What Cortana Intelligence allows is the ability to compute any data (text, video, image) and compute on a Cloud scale with a convergence of new processes such as Azure Machine Learning and core BI constructs to make powerfully accurate decisions. Cortana Intelligence is really a set of services in the Cloud – many coming from open source technologies like Spark and Hadoop. This is one of the fundamental reasons you see Microsoft embracing open source so heavily. It’s important to be part of this open source ecosystem to advance the ability to derive intelligent decisions from data.
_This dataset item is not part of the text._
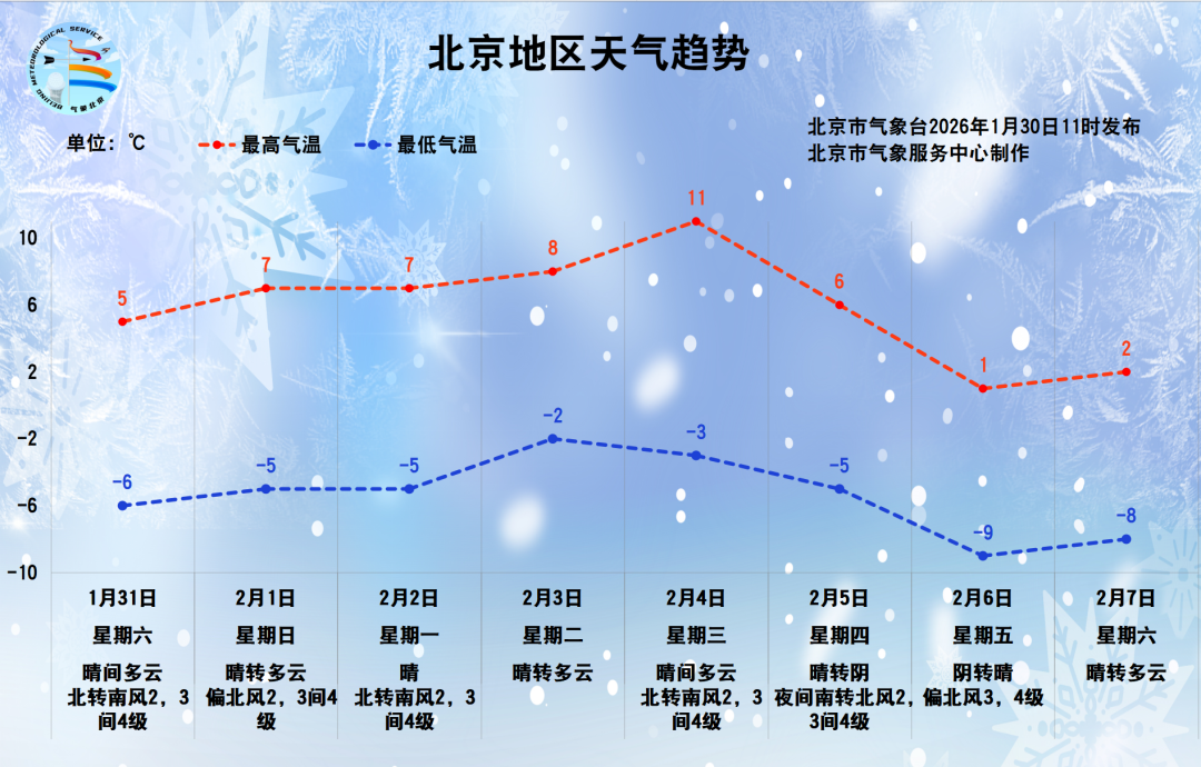 北京市气象台30日11时发布:今天下午阴,大部分地区小雪或零星小雪,城区零星小雪为主,偏南风二三级,最高气温1℃;夜间阴转晴,南转北风二三级,最低气温-6℃。今天我市有弱降雪,气温下滑,体感阴冷,请注意防寒保暖及出行安全。

Mistry and Kazmierczak closed the keynote with a popcorn-worthy demonstration of Microsoft’s latest visualization capability: SandDance. SandDance allows you the ability to visualize all your data points in a wide range of formats: standard bar and line charts but also geospatially. While this may not sound like anything new or exciting, think again. This is not aggregating results from your data points and visualizing these aggregations. This is plotting the individual data points in these visualizations and then allowing you the ability to rapidly move these points from visual presentation to the next or to drill into the individual points at varying levels of detail. (Microsoft’s official announcement of SandDance is here.)
SQLSaturday and PASS
The PASS SQLSaturdays are one-day training events for SQL Server professionals that focus on local speakers, providing a variety of high-quality technical sessions, and making it all happen through the efforts of volunteers. Approximately 100 events are held globally across the world annually providing content for today’s Data Professional. They are hosted by PASS, an independent, not-for-profit organization run by and for the community.